Recently, a new study has reported that taking one of the psychedelic compounds present in the popular ‘magic mushrooms’ can help in managing the symptoms of mental health issues such as anxiety and depression in cancer patients.
Psilocybin mushroom or what are commonly known as magic shrooms are used on a wide scale for recreational activities especially in events, festivals, and parties. They are listed with psychedelic drugs along with DMT and LSD.
The main compound responsible for the psychedelic effect of the shrooms is psilocybin which has both hallucinogenic and psychoactive properties. Psilocybin mushrooms are classified under Schedule 1 Drug which means that they are highly addictive and can a number of negative impacts.

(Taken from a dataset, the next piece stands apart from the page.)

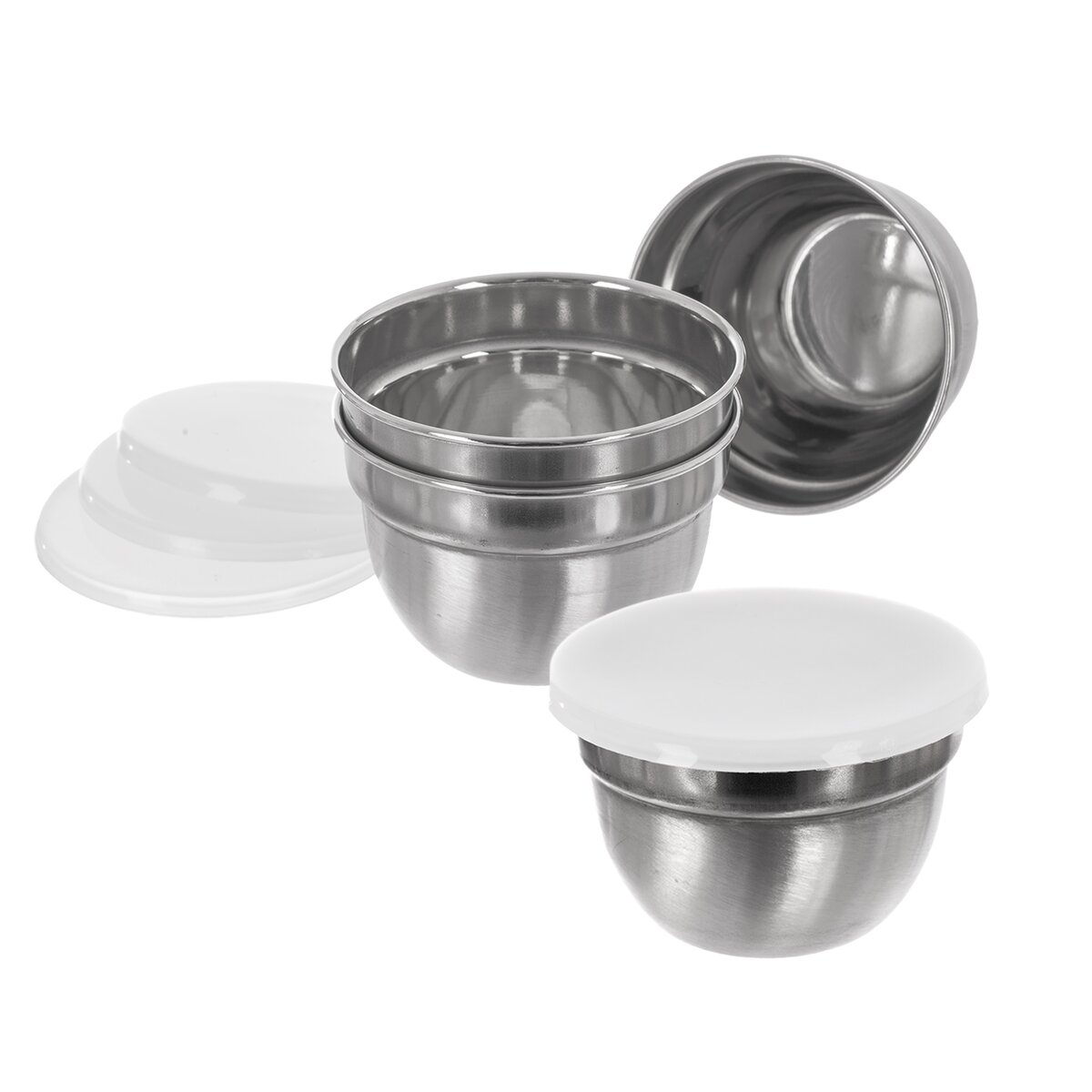Kód produktu 129269Sada 4 kusů nerezových mističek o objemu 0,2 l je doplněna plastovými víčky a hodí se k ukládání menšího množství dochucovadel, koření, dipů apod.

Therefore, the use of magic shrooms in any kind of medical procedure or for any other purpose is strictly prohibited in the United States. The most common side effects of using mushrooms include mental and emotional problems as well as uncontrolled actions under influence.
However, an increasing number of studies are questioning the Schedule 1 categorization of mushrooms and exploring their potential in treating a number of health conditions.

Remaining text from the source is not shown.